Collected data
┄┄┄┄┄┄┄┄┄┄

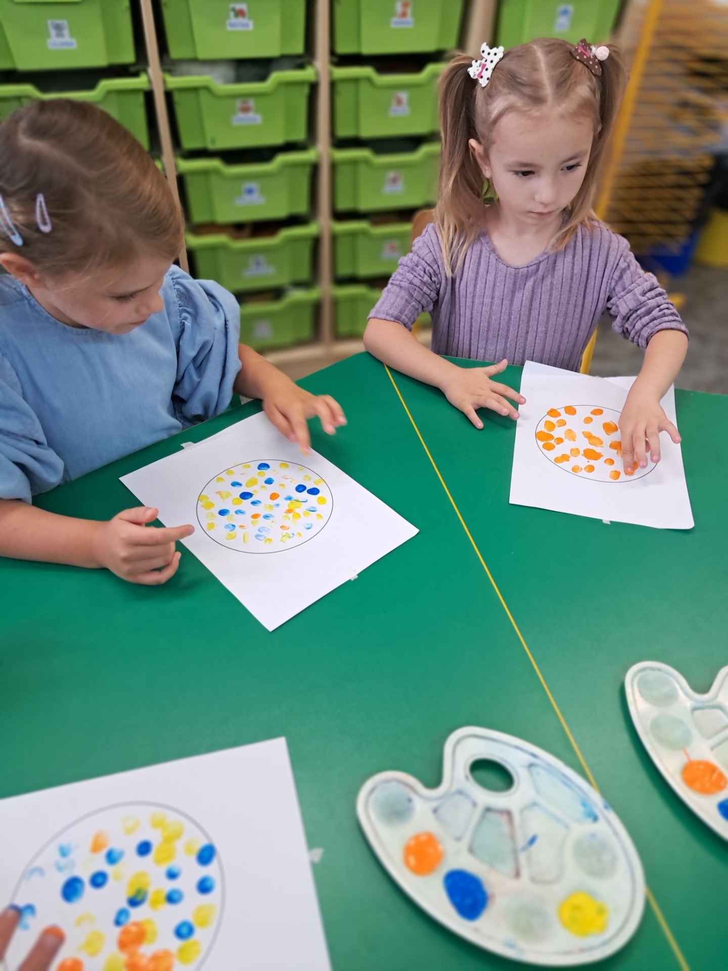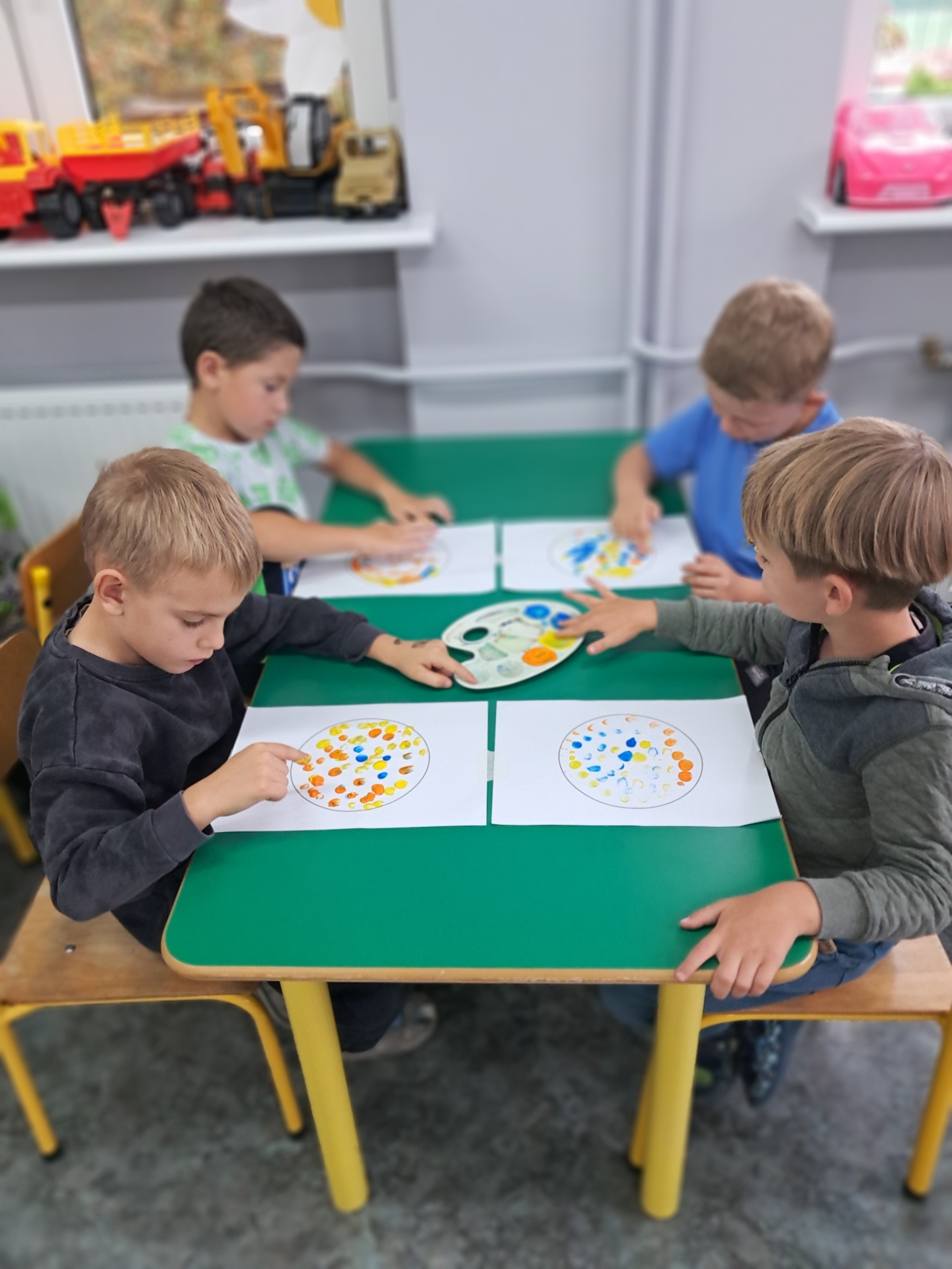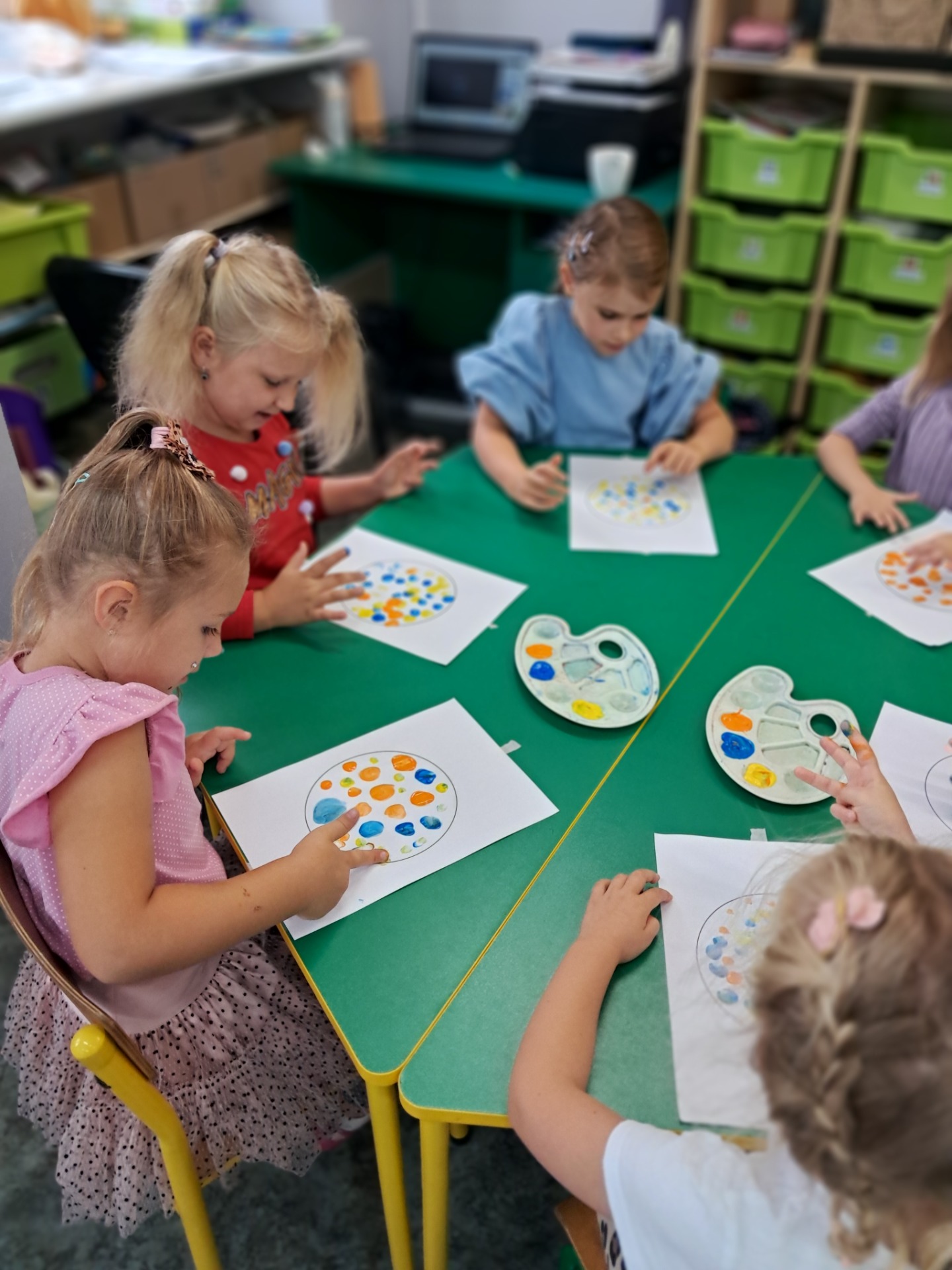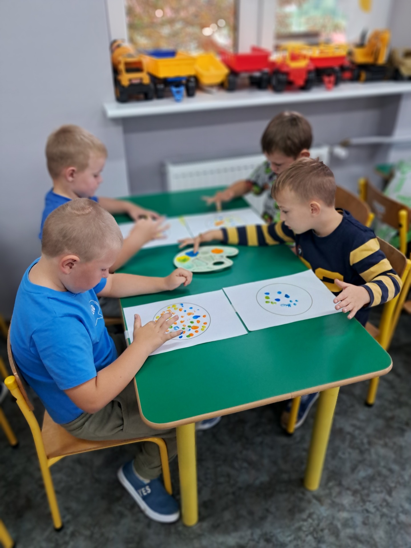 W grupie „Stokrotki” obchodziliśmy Międzynarodowy Dzień Kropki – święto kreatywności i odwagi w odkrywaniu swoich talentów. Dzieci wykonały piękne prace plastyczne malując farbami barwne kompozycje z kropek. Uczestniczyły także w zabawach muzyczno-ruchowych, które dostarczyły im mnóstwo radości i pozytywnej energii. Był to dzień pełen uśmiechu, twórczej zabawy i rozwijania wyobraźni.
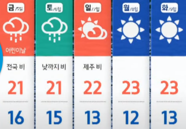 - 5월 5일부터 6일 사이에는 저기압 중심 부근인 경기 북부와 지형 효과가 더해지는 제주도와 남해안 일대에서 시간당 20~30㎜의 강한 비가 예상됩니다. 이 기간 동안 일시적인 강한 바람과 천둥·번개도 동반될 전망이니, 연휴 기간 캠핑 등 야외 활동을 계획 중이라면 급류, 지하차도 침수 등 안전사고에 유의해야 할 것으로 보입니다.
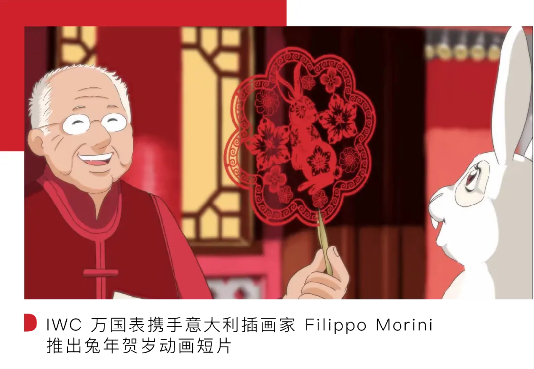 Morini 推出兔年贺岁动画短片,视频中更有钟表泰斗葛珞斯(Kurt Klaus)以动画形象再度亮相;北欧丹麦鞋履品牌 Ecco 除了呈献三款风格多元的新品系列外,还携手国民治愈系IP不二兔,联手打造新春限定IP形象,安东尼笔下的不二兔亦穿着 Ecco 新春系列新品,畅游于城市自然间,为来年注入愉悦想象。
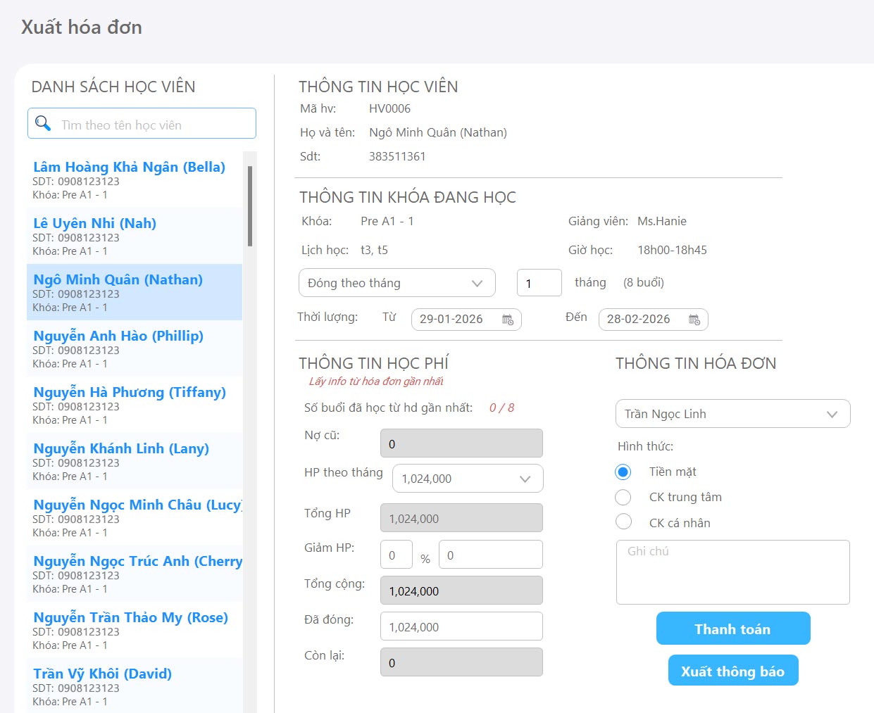 Xuất hóa đơn, thông báo học phí hàng loạt để gửi qua Zalo cho phụ huynh.
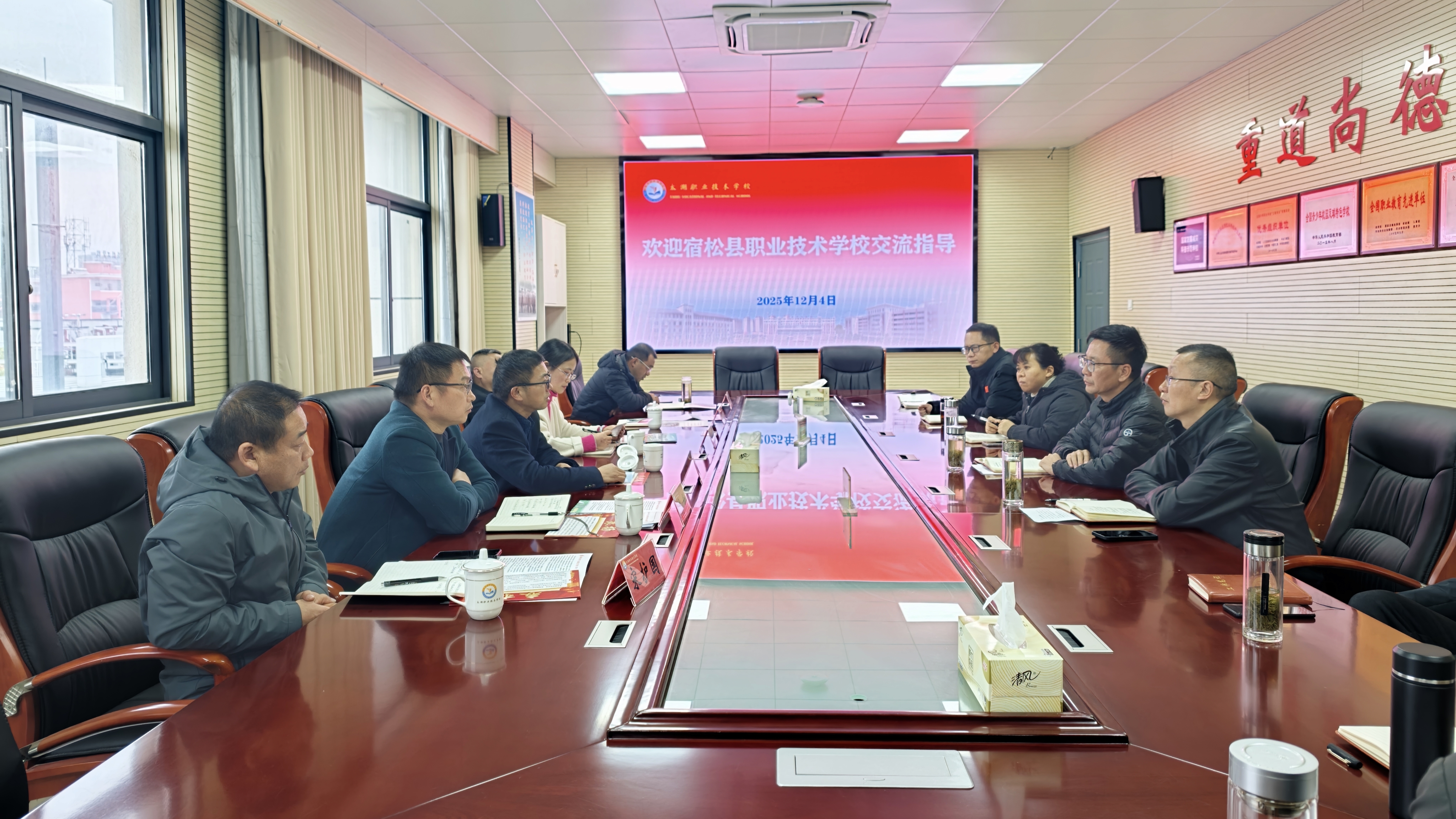 12月4日,宿松縣職業(yè)技術(shù)學(xué)校黨支部書(shū)記、校長(zhǎng)鄧勝榮率領(lǐng)調(diào)研團(tuán)隊(duì)一行6人來(lái)訪我校,圍繞專業(yè)建設(shè)、辦學(xué)層次提升、教學(xué)管理、校企合作等核心議題開(kāi)展專題調(diào)研交流。我校班子成員及相關(guān)職能部門負(fù)責(zé)人參與接待,雙方通過(guò)座談研討與實(shí)地參觀,展開(kāi)深入交流,凝聚發(fā)展共識(shí)。
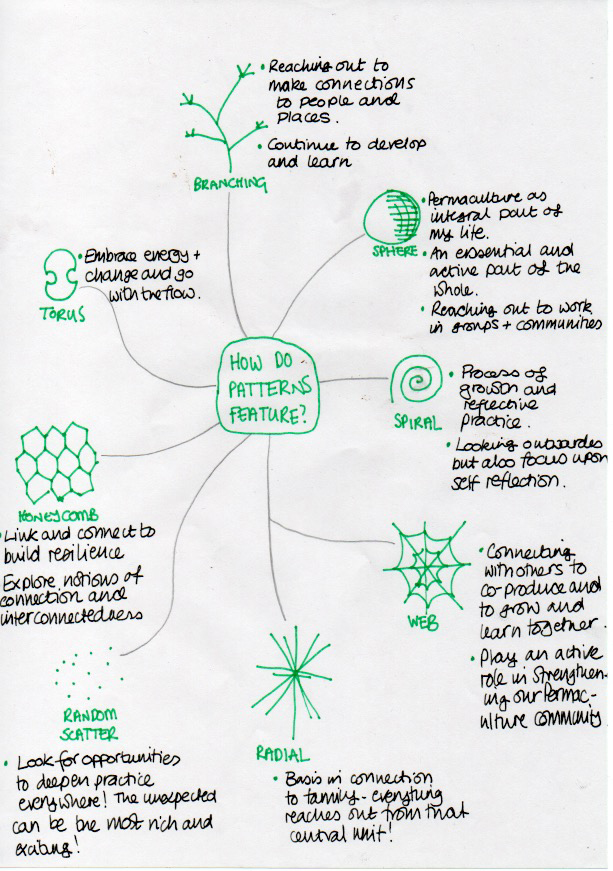 | Branching | Within this design I got a real sense of how Permaculture Design helps me reach to the light in terms of new ideas and thinking, but also how it helps me ground and root myself in my life. There is a deep sense of reaching out and connecting to new ideas and people but also to stretching down to put down roots. I love the way that it brings these things together for me, and in this design I got a real sense of that happening. |
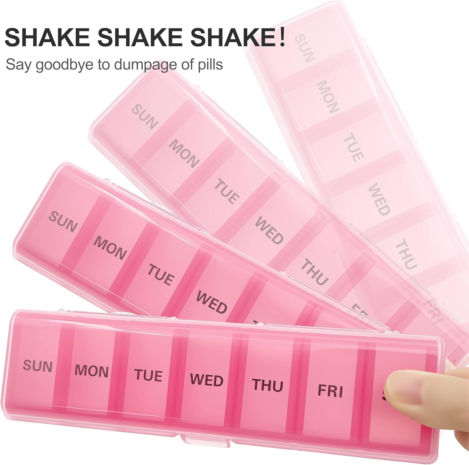 Silicone Weekly Pill Organizer 7 Day, Arthritis-Friendly Medicine Box Daily Pill Box, Large Medicine Case with Shell, Compact Travel Pill Container for Pill, Vitamin, & Fish Oil (Pink)
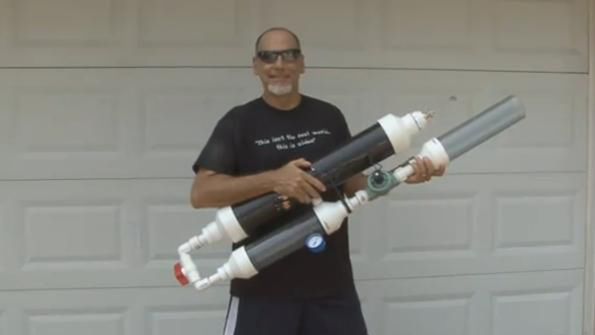 Jednak instynkt domorosłego majsterkowicza podpowiada, że każdy z Was może znaleźć inne zastosowanie dla tego ustrojstwa. Aby je zbudować, wystarczy kilka starych lub nowych rur PCV, kilka kolanek, pompka rowerowa i - oczywiście - zapał do pracy.
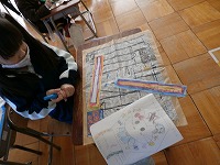 1年生の「ぐにゃぐにゃだこ」ですが、デザインはほぼ完成し、色塗りに入りました。まずはしっぽからです。子どもたちはしっぽでも手を抜かず、集中して細かく塗っていました。
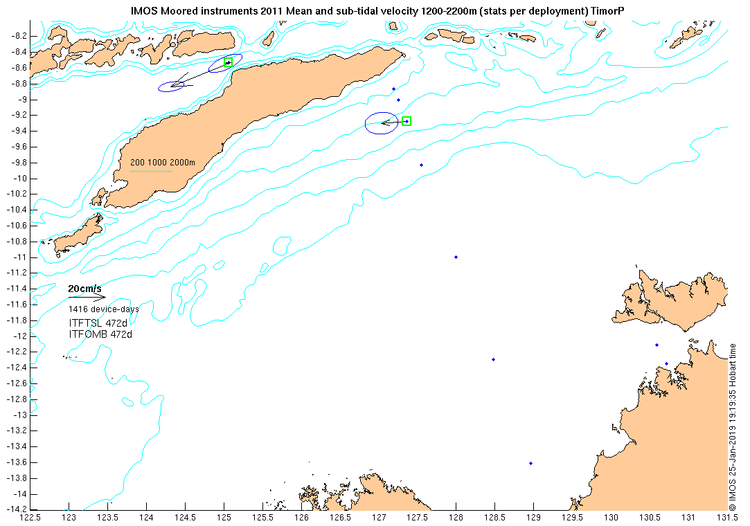 These maps show some basic analyses of the velocity data: mean and sub-tidal variance for several layers and time-windows, and tidal harmonics for the depth-average velocity using the whole record. Click through to see more detailed plots of the selected dataset or to download those data from the AODN thredds server.
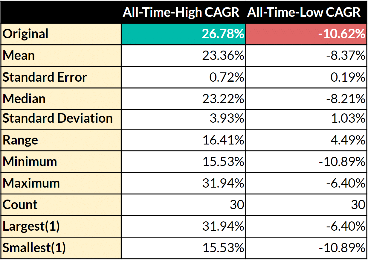 ภาพที่ 3 : ตารางแสดงสถิติผลตอบแทนทบต้นจากการทดสอบการ Execution สัญญาณแบบสุ่มด้วยความน่าจะเป็นที่ 50% เมื่อเกิดสัญญาณขึ้นในแต่ละครั้ง กับกลยุทธ์ All-Time-High และ All-Time-Low ภายใต้การทดลอง 30 ครั้งในแต่ละกลยุทธ์การลงทุน
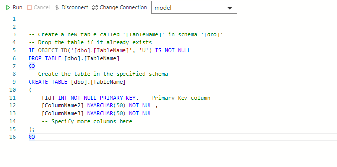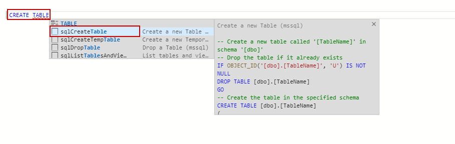 Azure Data Studio is a new lightweight tool that enables us to execute queries on-premises or cloud databases and it also helps to manage databases. Code Snippets is one of the main advantages of the Azure Data Studio, these templates assist us in typing queries to generate proper syntax easily. After opening a new query window, we type “CREATE TABLE” to create a SQL table and select the sqlCreateTable snippet.
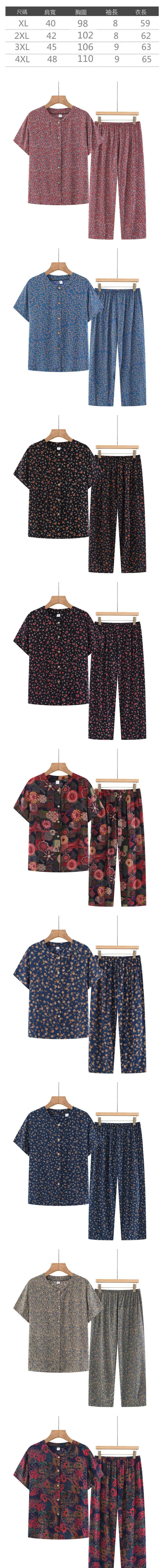 爆款中老年媽媽短袖套裝(XL-4XL碼 深藍碎花)【下單後請聯絡客服確認發貨尺碼】
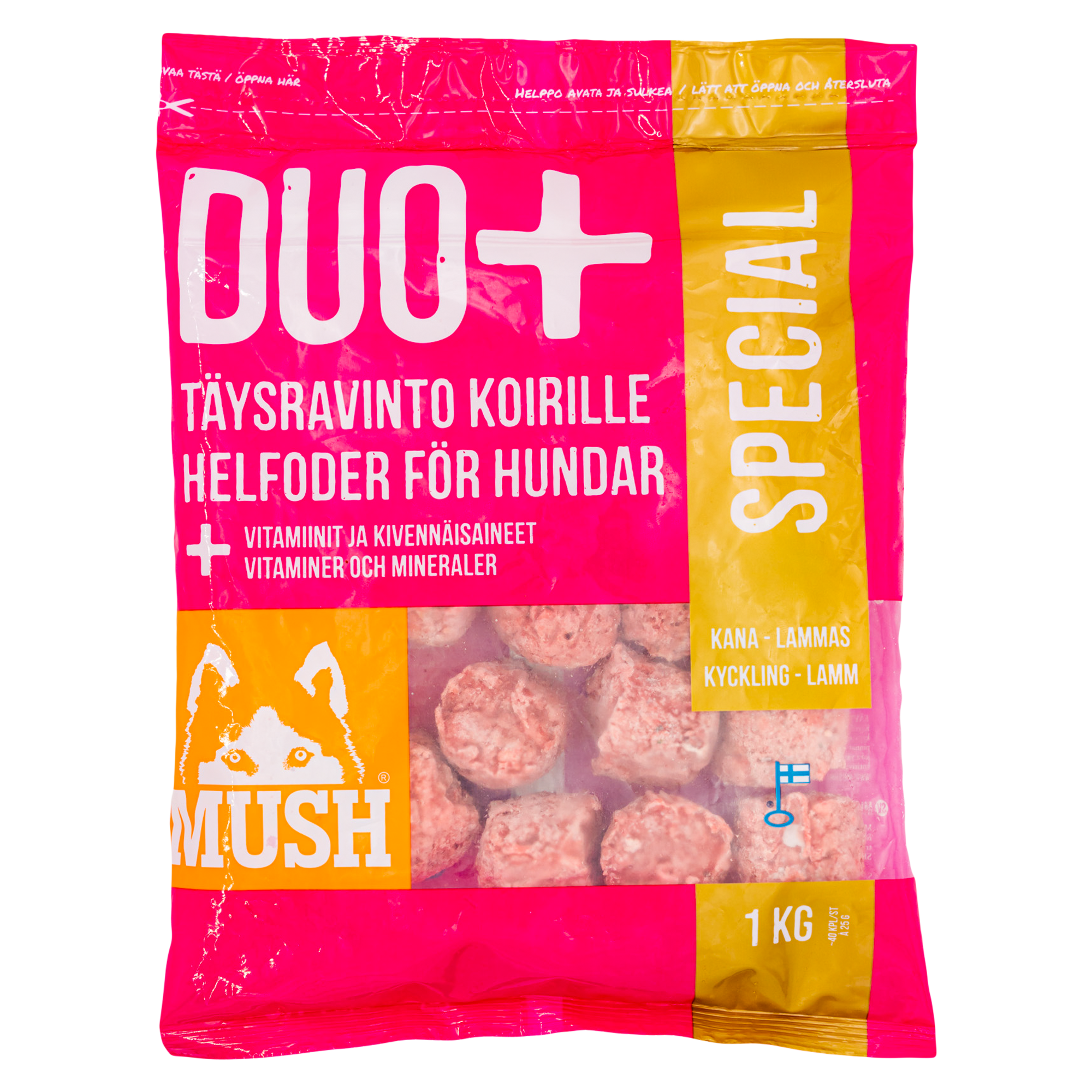 MUSH DUO+ ® Special Kana – Lammas on vitaminoitu täysravinto, joka sopii kaikille koirille. Se on on kehitetty sinulle, joka haluat antaa koirallesi lajityypillistä ruokaa ja olla varma siitä, että koirasi saa kaiken tarvitsemansa ruoasta

┄┄┄┄┄┄┄┄┄┄

Could you write out, word for word, the lines from the one containing "Azure Data Studio is" through the last line of the records, leaving out the pictures?

 Azure Data Studio is a new lightweight tool that enables us to execute queries on-premises or cloud databases and it also helps to manage databases. Code Snippets is one of the main advantages of the Azure Data Studio, these templates assist us in typing queries to generate proper syntax easily. After opening a new query window, we type “CREATE TABLE” to create a SQL table and select the sqlCreateTable snippet.
 爆款中老年媽媽短袖套裝(XL-4XL碼 深藍碎花)【下單後請聯絡客服確認發貨尺碼】
 MUSH DUO+ ® Special Kana – Lammas on vitaminoitu täysravinto, joka sopii kaikille koirille. Se on on kehitetty sinulle, joka haluat antaa koirallesi lajityypillistä ruokaa ja olla varma siitä, että koirasi saa kaiken tarvitsemansa ruoasta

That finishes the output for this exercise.